_Work to be completed_.
Among the lines below, a stretch begins at the one with "必威游戏中心附属中等舞蹈学校2025年招生专业考试考生须知" and ends at the one with "accessibility is not". Repeat that stretch exactly, ends included.

_Given data_.

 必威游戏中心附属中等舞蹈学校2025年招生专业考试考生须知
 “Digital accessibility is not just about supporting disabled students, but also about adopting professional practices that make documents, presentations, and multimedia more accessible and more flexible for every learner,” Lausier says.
---
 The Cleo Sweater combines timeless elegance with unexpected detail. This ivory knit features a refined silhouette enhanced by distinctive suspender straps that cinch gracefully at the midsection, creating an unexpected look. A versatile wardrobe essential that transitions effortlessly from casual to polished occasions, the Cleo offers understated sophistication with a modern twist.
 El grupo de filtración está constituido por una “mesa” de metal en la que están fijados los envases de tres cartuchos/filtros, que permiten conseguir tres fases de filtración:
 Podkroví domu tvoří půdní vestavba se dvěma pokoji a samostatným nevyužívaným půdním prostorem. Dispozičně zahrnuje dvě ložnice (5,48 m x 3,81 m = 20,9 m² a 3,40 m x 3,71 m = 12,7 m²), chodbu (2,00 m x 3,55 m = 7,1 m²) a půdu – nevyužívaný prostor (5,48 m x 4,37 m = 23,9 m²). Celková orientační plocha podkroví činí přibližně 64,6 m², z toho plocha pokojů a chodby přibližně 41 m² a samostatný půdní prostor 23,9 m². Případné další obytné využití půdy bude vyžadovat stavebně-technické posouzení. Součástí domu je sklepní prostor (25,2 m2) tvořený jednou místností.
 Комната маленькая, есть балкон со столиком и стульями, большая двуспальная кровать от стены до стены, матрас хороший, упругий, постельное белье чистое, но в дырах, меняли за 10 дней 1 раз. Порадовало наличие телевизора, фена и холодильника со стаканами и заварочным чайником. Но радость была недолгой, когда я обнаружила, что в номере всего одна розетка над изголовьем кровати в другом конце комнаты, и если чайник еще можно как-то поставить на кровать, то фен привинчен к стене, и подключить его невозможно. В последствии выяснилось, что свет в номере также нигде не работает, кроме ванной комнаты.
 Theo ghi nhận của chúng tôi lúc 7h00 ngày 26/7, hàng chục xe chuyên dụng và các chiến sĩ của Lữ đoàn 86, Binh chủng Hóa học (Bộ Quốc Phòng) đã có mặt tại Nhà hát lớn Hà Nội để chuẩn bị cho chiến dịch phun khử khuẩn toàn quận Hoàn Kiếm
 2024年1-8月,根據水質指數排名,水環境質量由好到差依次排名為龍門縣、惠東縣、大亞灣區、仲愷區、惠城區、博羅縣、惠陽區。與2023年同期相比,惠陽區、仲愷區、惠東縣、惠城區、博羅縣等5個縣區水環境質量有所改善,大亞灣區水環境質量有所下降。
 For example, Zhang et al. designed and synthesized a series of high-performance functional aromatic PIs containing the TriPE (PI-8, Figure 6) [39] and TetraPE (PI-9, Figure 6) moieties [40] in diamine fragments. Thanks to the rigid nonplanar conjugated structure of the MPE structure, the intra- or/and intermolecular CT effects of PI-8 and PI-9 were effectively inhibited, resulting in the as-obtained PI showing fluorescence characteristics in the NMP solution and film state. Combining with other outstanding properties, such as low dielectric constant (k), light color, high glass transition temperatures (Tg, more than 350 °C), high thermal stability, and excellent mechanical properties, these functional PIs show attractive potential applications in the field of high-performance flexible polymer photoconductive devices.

_Task result_.
 必威游戏中心附属中等舞蹈学校2025年招生专业考试考生须知
 “Digital accessibility is not just about supporting disabled students, but also about adopting professional practices that make documents, presentations, and multimedia more accessible and more flexible for every learner,” Lausier says.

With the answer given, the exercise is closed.